In isolation situations, Durant is allowing only 0.53 points per possession, which is second in the NBA to only Tony Snell. When it comes to crunch time, he’s always locking up. In fourth quarters, he is limiting the competition to shooting less than 30 percent—and his defended field goal percentage and field goal percentage discrepancy is the best in the league at -17.2. He’s got as good of a chance as anybody to take home DPOY.

2. Joel Embiid

Everybody loves to focus on the off-court antics and hilarities that come with Embiid, but the man deserves his due when it comes to his reputation in the NBA as a truly dominant big. The Philadelphia 76ers have won seven out of their last eight games and it has started on the defensive end of the floor.

Take the games against Boston, for example. Al Horford is a crucial part of the Celtics offense and has had problems getting going against the 23-year-old. In the 22 minutes per game, he’s been on the floor along with him, Horford has been held to below 30 percent from the field on an average of nine attempts. With Embiid off, he’s converted nearly 73 percent of his tries.

Another matchup you can examine is with Andre Drummond. The two have had their fair share of words with each other, but Embiid’s had the edge one-on-one. Similar to Horford, the Detroit Pistons big man has had a rough time against him. Embiid has limited Drummond to under 38 percent on five attempts per game in an average of over 23 minutes on the floor together. When he’s not playing, Drummond has had close to a 78 percent success rate.

Regarding centers, Embiid ranks second in ESPN’s DRPM and fifth in Basketball Reference’s Defensive Box Plus-Minus. Citing Cleaning The Glass, the Sixers are allowing 10 more points per 100 possessions when he’s sitting, which slots Embiid into the 97th percentile.

He’s altering shots. He’s blocking shots. He’s forcing kick outs. And that’s a big reason why the NBA gave Embiid its Eastern Conference Player of the Week honors. Trust The Process.

1. Paul George

Basketball Insiders was well represented this past Saturday in Cleveland when the Oklahoma City Thunder decimated the Cavaliers in their own building. The focus was on the “OK3” exposing a terrible defense, but the real story in this game was how in-tune and sound George was on both ends of the court. He was sizzling shooting the basketball, but perhaps more defining was shutting down LeBron James on a day that was supposed to belong to him.

Any time 23 got the ball to try and get the Cavs going, George was there. He suffocated him with pressure, forcing James into bad decisions and contested shots. The talk of the day was the 30,000-point mark, but PG-13 had other ideas.

“I was hopeful that it took two games for him to get to that,” George said after the 148-124 win at Quicken Loans Arena. “I actually didn’t know that stat until right before coming into [Saturday]. They told me he needed 25 to go to 30,000. I’ve been a part of a lot of those baskets that he’s had, so that’s an achievement or milestone I didn’t want to be a part of.”

Thunder teammate Steven Adams spoke to his prowess on that end of the floor.

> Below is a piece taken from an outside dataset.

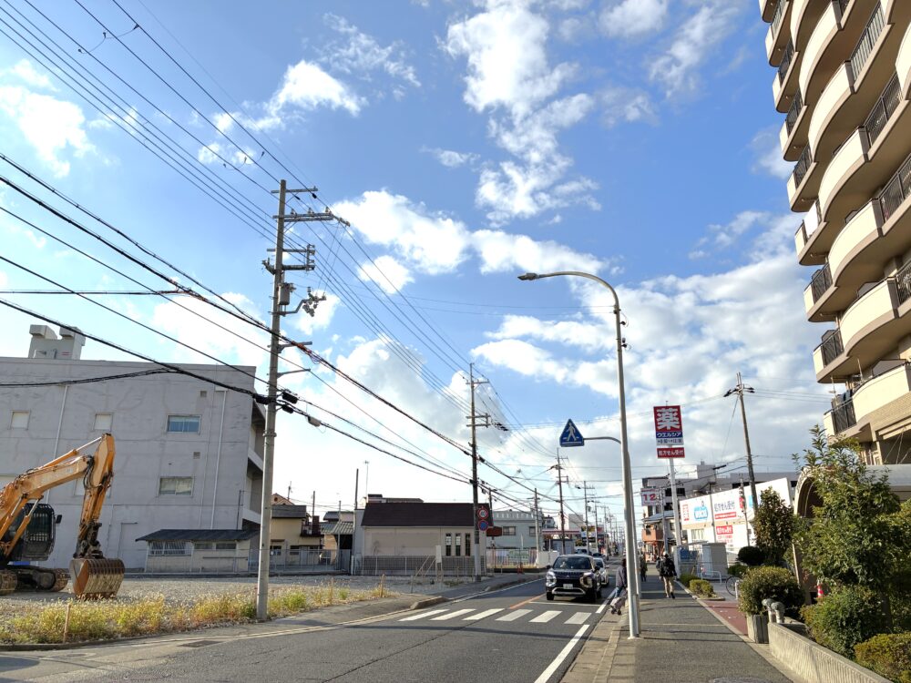 反対を向くとこんな感じ。周辺にはマンションが立ち並び、少し先に進むと「JAファーマーズプチ フレッシュ・モア 江井ヶ島」があります。

“He’s a really good defender man,” Adams said. “It was like a perfect matchup, honestly. He played LeBron really well in terms of our system and what we want him doing. He did an amazing job there.”

Oklahoma City head coach Billy Donovan is a huge fan as well.

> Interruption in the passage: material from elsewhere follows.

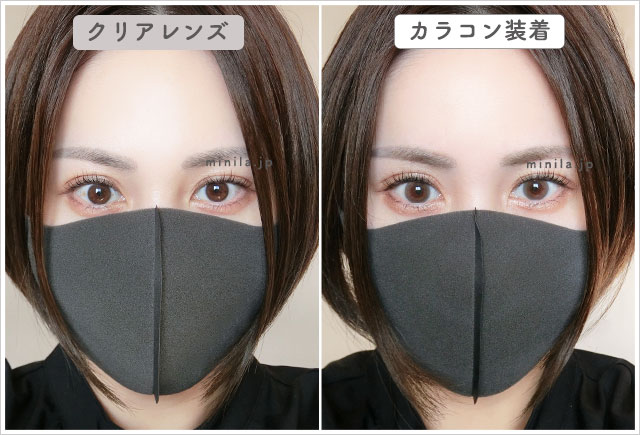 瞳孔周りのくり抜き感は近くで見るとあるようにも見えますが離れると目立ちません。レンズの端は若干透け感があり、小粒目のミニラではたまに白目が透ける時がありました。が、ぽわんとした着色なのと透ける部分がグレーなのでそこまで気になりません◎

“He really I think puts forth good effort,” Donovan said pre-game. “He’s long, smart. He’s disruptive. He’s got good feet. He’s a physical defender. He’s hard to shoot over. Certainly, with he and Andre [Roberson] on the wings, that’s certainly bolstered our defense.”

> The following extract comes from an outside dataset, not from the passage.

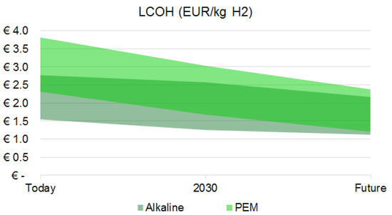 Kuckshinrichs et al. [27] conducted an economic analysis of hydrogen production with an alkaline water electrolyzer at three different site locations in Europe (Germany, Austria, and Spain). They reported that the levelized cost of hydrogen (LCOH) was around 3.64 EUR/kg H2 in Germany, whereas in Austria and Spain, it was estimated to be slightly higher (15 to 18%) due to higher electricity costs. Matute et al. [28] also assessed the cost of green H2 production in Spain to be around 6 EUR/kg H2 for an alkaline electrolyzer and about 7 EUR/kg H2 for a PEM electrolyzer.

That was one performance, but it’s obvious how much George brings to the table as one of the toughest guys to score on in this league. He’s got a league-leading 188 deflections and is tied with Eric Bledsoe at the top of the NBA with 2.2 steals per game.

Recently, the Thunder have allowed 91 points at most in three of their last four games. They are also in the top three allowing just 104.7 points per 100 possessions and George has been a huge part of that.